ガイド
桂太郎旧宅は、明治維新後の日本において内閣総理大臣を3度にわたって務め、拓殖大学の創立者としても知られる桂太郎(かつら たろう)の旧宅です。桂太郎は、明治31年(1898年)に陸軍大臣を務め、国事多難な時期に数多くの決断を下した政治家として歴史に名を刻んでいます。現存する建物は、彼が少年時代を過ごしたこの地に、明治42年(1909年)に新築されたものです。派手さを抑えた落ち着いた造りの主屋と、藍場川の自然を活かした美しい庭園が、訪れる人々を穏やかな時の流れへと誘います。
桂太郎は、弘化4年(1847年)に萩城下平安古に生まれ、3歳の時に現在の旧宅がある場所へと移り住みました。藩校である明倫館で学び、戊辰戦争では参務として活躍した経歴を持ち、明治維新後の日本において非常に重要な役割を果たしました。首相在任期間は通算で歴代2位(2,886日)を誇り、近代日本の礎を築いた人物の一人です。この旧宅は、そのような激動の時代を駆け抜けた人物の、生活の拠点としての趣を今に伝えています。
この施設で最も注目すべきは、藍場川の水を引き込んだ「流水式池泉庭園」です。庭園内には桂太郎公の銅像が建っており、自然と調和した景観を楽しむことができます。また、建物の縁側には「水琴窟(すいきんくつ)」が設置されており、地面に埋められた甕(かめ)を通じて響く、澄んだ美しい音色を体験することができます。主屋は規模こそ比較的小さく質素な造りですが、その分、日本の伝統的な生活様式や、自然を愛でる精神が色濃く反映されています。
藍場川の清らかな水が庭園を流れる様子は、季節ごとに異なる表情を見せます。特に、水琴窟の音色を楽しむ時間は、日常の喧騒を忘れて心を落ち着かせるのに最適です。日中の明るい時間帯には、庭園の緑や水の透明感が際立ち、美しい写真撮影を楽しむことができます。
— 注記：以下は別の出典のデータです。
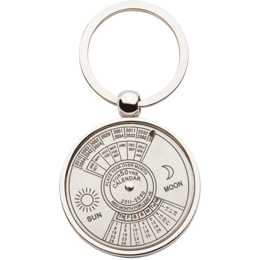 Porte-clé en métal avec calendrier rotatif. Le calendrier s'étend jusqu'à l'année 2060. Livré dans une boîte en carton noire. Un beau cadeau intemporel!

桂太郎旧宅の周辺には、萩市の歴史を象徴するスポットが点在しています。すぐ近くには藍場川が流れ、その美しい景観を眺めながら散策を楽しむことができます。また、歴史的な街並みが残る「萩城城下町」や、吉田松陰ゆかりの「松下村塾」なども近く、萩の歴史を深く知るためのルートとして組み込むのがおすすめです。
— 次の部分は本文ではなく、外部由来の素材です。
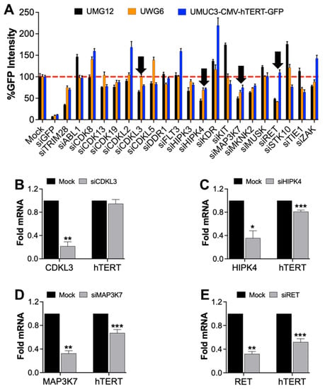 2.3. AST-487 Suppresses hTERT Expression by Inhibiting the RET Kinase Receptor

敷地内には美しい庭園や歴史的な建物があるため、落ち着いた雰囲気での見学を心がけましょう。ガイドが常駐しており、施設に関する説明を受けることができます。なお、萩市内の他の文化財施設を巡る場合は、萩市文化財施設1日券(310円)を利用すると、効率的に観光を楽しむことができます。